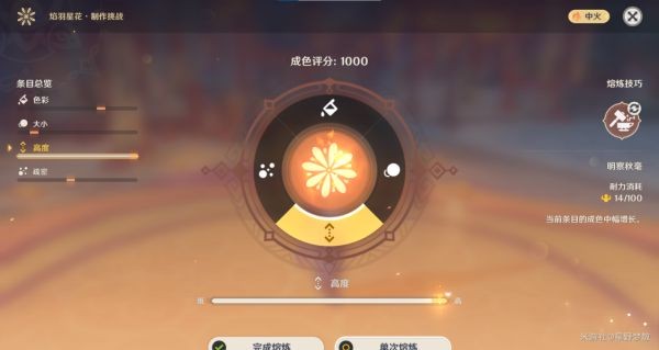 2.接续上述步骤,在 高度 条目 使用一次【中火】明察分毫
* * *
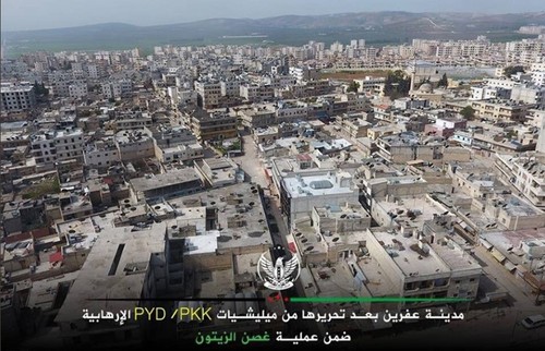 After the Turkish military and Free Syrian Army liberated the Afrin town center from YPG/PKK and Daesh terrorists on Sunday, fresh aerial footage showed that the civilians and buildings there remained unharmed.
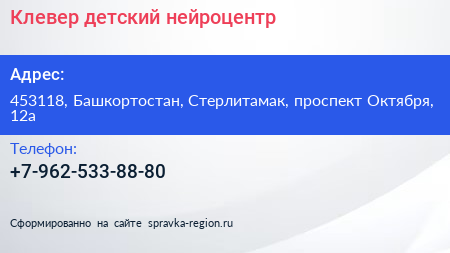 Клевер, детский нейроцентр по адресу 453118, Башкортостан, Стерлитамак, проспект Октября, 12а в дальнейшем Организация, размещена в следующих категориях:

*Your assignment*.
Exact repeat of the material above: every line from the one with "After the Turkish" through the one with "Клевер, детский нейроцентр", endpoints included, and nothing more. No pictures.

*Solution below*.
 After the Turkish military and Free Syrian Army liberated the Afrin town center from YPG/PKK and Daesh terrorists on Sunday, fresh aerial footage showed that the civilians and buildings there remained unharmed.
 Клевер, детский нейроцентр по адресу 453118, Башкортостан, Стерлитамак, проспект Октября, 12а в дальнейшем Организация, размещена в следующих категориях:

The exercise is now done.